Слегла с тех пор Наташа, как в беспамятстве. Уж и родители прилетели, да нет, никак. Месяц проболела, исхудала вся, в льняных волосах седые прядки появились. А на Николая Угодника вдруг в себя пришла, на рассвете, в оконце уставилась да песню задумчиво колыбельную завела. Испугались родные, уж не умом ли тронулась девка с ужаса пережитого? Но Рожден иначе все размыслил, к южному морю по весне в санаторий увез Наташу. А тут ни снега, ни холода, весна идет, да боле лето напоминает. Оправилась Наташа, расцвела, наладилось здоровье ее под присмотром врачей чутким. Да уж через пару дней Рожден прилететь должен был. Домой пора, в тайгу хотелось, и тепло так грели золотые бусы, кедровый подарок.
– Теть Тонь, – Наташа крикнула из коридора в прихожей и, не услышав ответа, сделала шаг назад. Сопение. Знать, спит Антонина, умаялась со своими страхами, вона как сопит! Хоть и неспокойно Наташе на душе, нахмурилась, а в палату не пошла, не разбудить бы, сопит-то тетка громко, сны какие снятся?
– Я пробегусь на почту, счет на мобильный пополню и вернусь! – уже сама себе сказала Наташа тихо. Но в этот момент сопение прекратилось, знать, слышала Антонина. Улыбнулась Наташа: – Я быстро, теть Тонь! – и выскочила за дверь.
А сопенье в палате вновь продолжилось. Только уж мертвым сном спала Антонина, а черные густые тени облепили ее и, как и прежде, чья-то рука колотила что было мочи, сильнее и сильнее по лбу, отсчитывая удары, пока кровь не брызнула из расколотого черепа на постель и белые стены…
Наташа вышла на перекресток тропинок соснового бора. И куда ушли Ольга и Неля? Договорились же встретиться на поляне перед сосняком, а нет никого. Только шорох, да шум ветра в густых ветвях сосен, да странная чернильно-черная лужа посередине места… Наташа прислушалась, где-то шум ветра казался гуще и даже забивал общий гул, к которому привыкли люди приморья за последнее время.

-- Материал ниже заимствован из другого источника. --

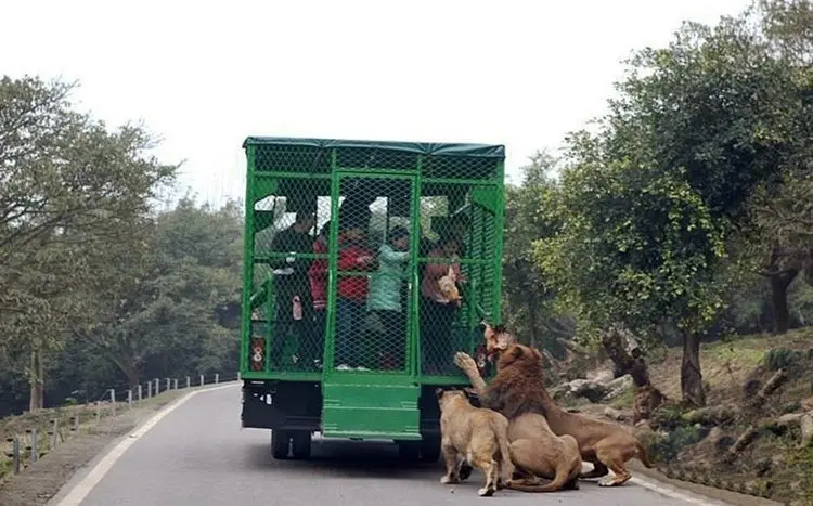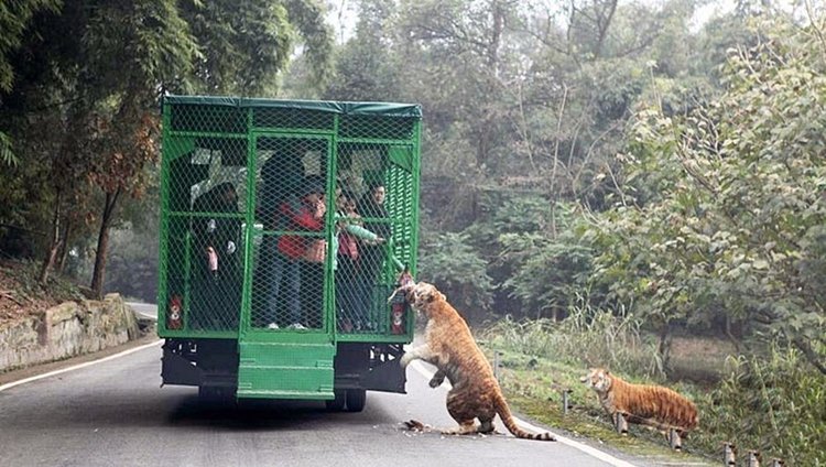 At the Lehe Ledu Wildlife Zoo in Chongqing, China, it’s the humans who are locked behind bars while the animals get to roam around. Visitors can book a tour where they will be locked in a cage in the back of a truck and driven through predators’ enclosures. Raw meat is hung on the sides of the cage, to encourage the animals to come closer. Zoo spokeswoman Chan Liang said,

Огляделась сторонами Наталья – а и нет никого, обежала корпуса белые, за ворота вышла – словно испарились все. Да вот дорожки все водой черной залиты. Обходить начала Наташа странную воду, как и не с чистых небес пролитую. В здания заходила искала – нет никого! Даже в палату, из которой вышла, вернулась – тетя Тоня-то человек мудрый, может, подскажет, в чем дело? Да только на кровати Тони – одно кровавое пятно, а из-под кровати лужа темная растекается.
Воскликнула Наталья да обратно к двери бросилась. Вон из корпуса, на улицу, где в свете дня что-то зловещее и таинственное притаилось.

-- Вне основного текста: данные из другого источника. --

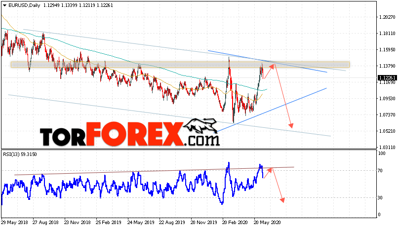 В пользу падения валютной пары EUR/USD на Форекс выступит тест линии сопротивления на индикаторе относительной силы. Вторым сигналом станет отскок от верхней границы нисходящего канала. Отменой варианта падения котировок пары Евро Доллар на текущей торговой неделе 15 — 19 июня 2020, станет сильный рост и пробой уровня 1.1565. Это укажет на пробой области сопротивления и продолжения роста пары в область выше уровня 1.1945. С пробоем области поддержки и закрытием котировок ниже уровня 1.1125 стоит ожидать подтверждения развития медвежьего движения по паре.

– Ну уж нет, – сама себе сказала Наталья, – дети меня ждут, вернуться мне надо. И Рожден ждет. Не выйдет!
Подобие шепота, злого и нехорошего, донеслось из-за светлых корпусов. И Наталья не раздумывая бросилась в сторону леса. Не свой лес, не тайга это, но лес всегда оберегал да хранил ее и семью.

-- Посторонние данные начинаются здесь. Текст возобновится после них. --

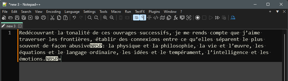 I did more research and copied a snippet of text with that weird space (that cause word to join up in lingQ) into Notepad++ and later click on Show all character under View → Show Symbol → Show all character.
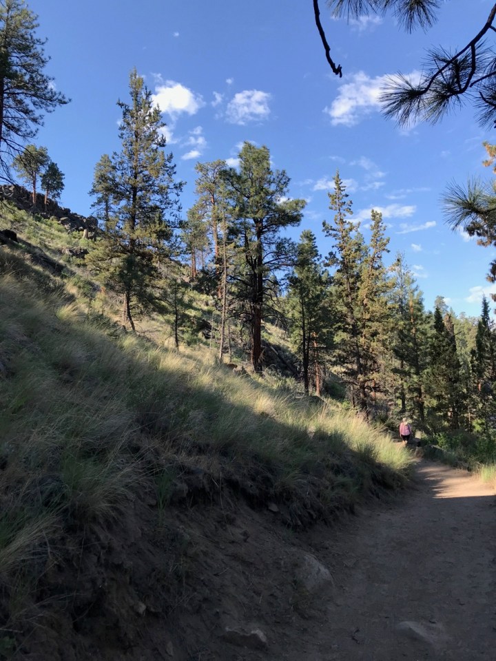 Ponderosa Pine dominates the next swath, top to bottom. As the river ‘digs’ deeper, the canyon broadens mainlining this general slope. The soils vary depending on the composition of the many layers of rock built up here. In general trees require deeper soils.

Когда Наташа забежала далеко в лес, почувствовала себя среди сосен корабельных безопаснее. Стала отдышаться да лес поблагодарить, когда будто что почудилось ей. Плач ли, попискивание? На звук пошла, приметнее и приметнее звук становился, да плач это! И плач детский! Поспешила туда Наташа, да между деревьев странную картину увидела. Стайка детишек малых, сбилась да ревом ревут.